■ Problem to work on
The pictures are to be left out, and all remaining data is to be transcribed exactly as it appears.

■ Task data
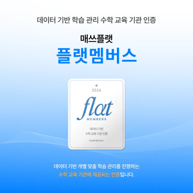 안녕하세요, 중산동 수학전문학원 좋은수학 름T입니다. 좋은수학은 매쓰플랫 프로그램을 활용하여 학생별 개별학습에 중점을 두고 수업을 진행합니다. 진도만 빠르게 나가는 것이 아니라, 이해하는것이 우선입니다. 그렇게 차곡차곡 하다보니 매쓰플랫에 우수 교육기관으로 인증을 받게 되었습니다. 새 학기가 시작되었습니다. 더욱 힘내서 알차게 수업 해 가겠습니다.^^ <img src="https://blogthumb.pstatic.net/MjAyNjAzMDRfMTcy/MDAxNzcyNTkxMDEyNjUy.YnLUKidyi7r9d0W4WAtzxiQSVY370YQB92xrYjyhODUg.QCSCNbQXY1xHxyq1CNaW2pSrOvSXS4d-e5xuHQID_YUg.PNG/900%A3%DF1772590017862.png?type=s3" />
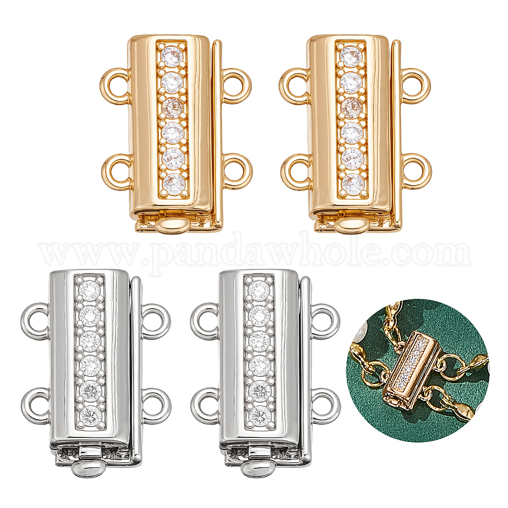 4шт. 2 цвета латунь микропаве прозрачный кубический цирконий застежки-слайдеры, 2 нитей, 4-луночное
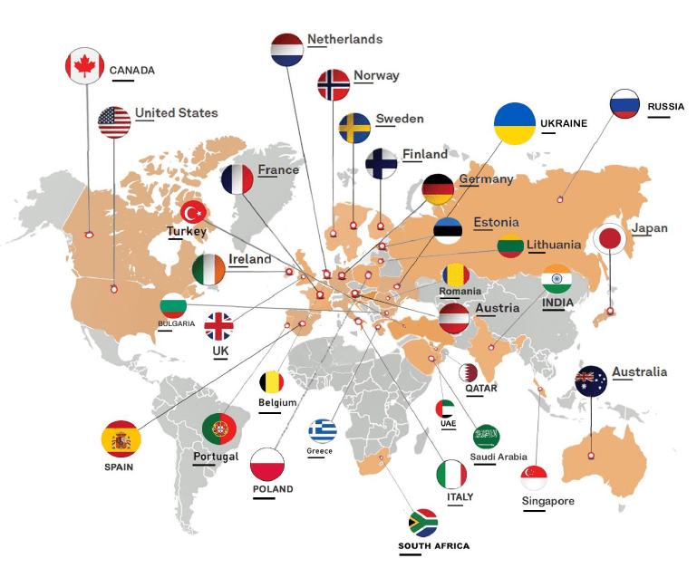 - Global Offices: USA, Canada, Brazil, Germany, Russia, Greece, and various countries in Africa, the Middle East, and Asia
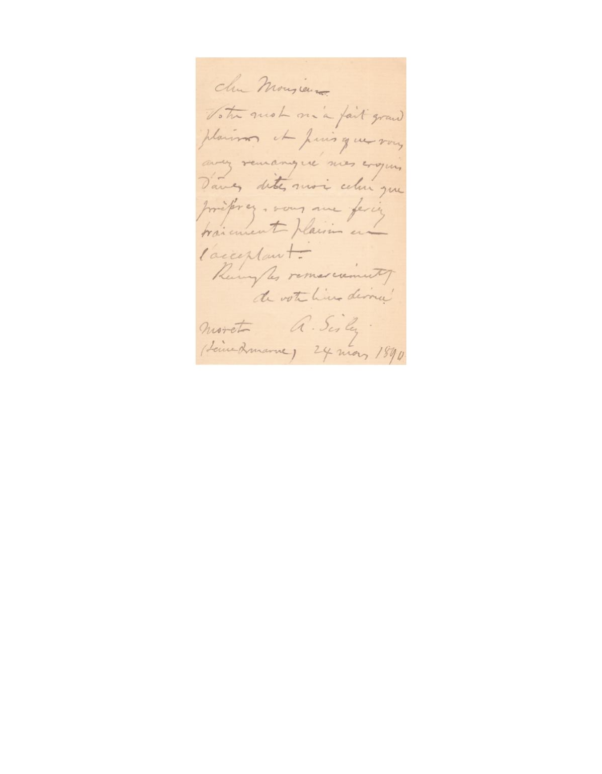 Moret, 24 mars 1890. 1 pp. in-12.
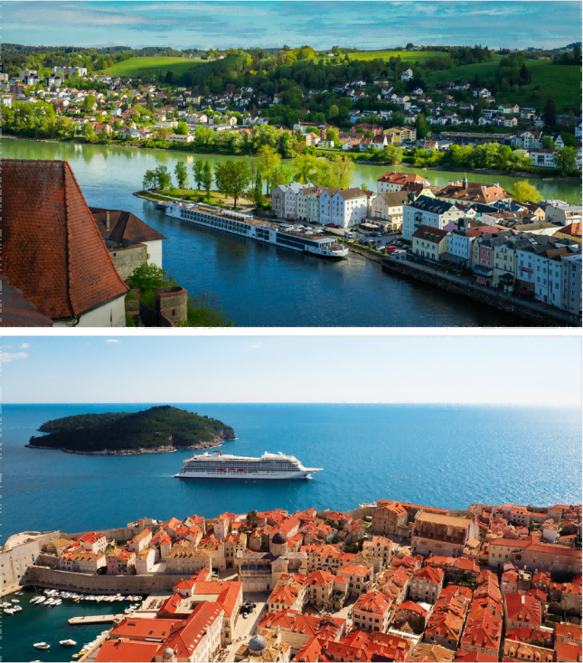 (上:维京长船停靠于德国帕绍;下:维京海轮航行至克罗地亚杜布罗夫尼克)
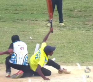 शुक्रवार को वार्ड 22 व 32 के बीच खेले गए क्वार्टर फाइनल मैच में एक अजीबोगरीब वाकया देखने को मिला। वार्ड 22 में पहले बैटिंग करते हुए 6 ओवर में तीन विकेट के नुकसान पर 76 रन बनाएं। 77 रन का टारगेटक का पीछा करतेहए वार्ड 32 की टीम जब बैटिंग कर रही थी अरविंद घोष पांच गेंद पर सात रन बनाकर खेल रहेथे।

■ Answer space
 안녕하세요, 중산동 수학전문학원 좋은수학 름T입니다. 좋은수학은 매쓰플랫 프로그램을 활용하여 학생별 개별학습에 중점을 두고 수업을 진행합니다. 진도만 빠르게 나가는 것이 아니라, 이해하는것이 우선입니다. 그렇게 차곡차곡 하다보니 매쓰플랫에 우수 교육기관으로 인증을 받게 되었습니다. 새 학기가 시작되었습니다. 더욱 힘내서 알차게 수업 해 가겠습니다.^^ <img src="https://blogthumb.pstatic.net/MjAyNjAzMDRfMTcy/MDAxNzcyNTkxMDEyNjUy.YnLUKidyi7r9d0W4WAtzxiQSVY370YQB92xrYjyhODUg.QCSCNbQXY1xHxyq1CNaW2pSrOvSXS4d-e5xuHQID_YUg.PNG/900%A3%DF1772590017862.png?type=s3" />
 4шт. 2 цвета латунь микропаве прозрачный кубический цирконий застежки-слайдеры, 2 нитей, 4-луночное
 - Global Offices: USA, Canada, Brazil, Germany, Russia, Greece, and various countries in Africa, the Middle East, and Asia
 Moret, 24 mars 1890. 1 pp. in-12.
 (上:维京长船停靠于德国帕绍;下:维京海轮航行至克罗地亚杜布罗夫尼克)
 शुक्रवार को वार्ड 22 व 32 के बीच खेले गए क्वार्टर फाइनल मैच में एक अजीबोगरीब वाकया देखने को मिला। वार्ड 22 में पहले बैटिंग करते हुए 6 ओवर में तीन विकेट के नुकसान पर 76 रन बनाएं। 77 रन का टारगेटक का पीछा करतेहए वार्ड 32 की टीम जब बैटिंग कर रही थी अरविंद घोष पांच गेंद पर सात रन बनाकर खेल रहेथे।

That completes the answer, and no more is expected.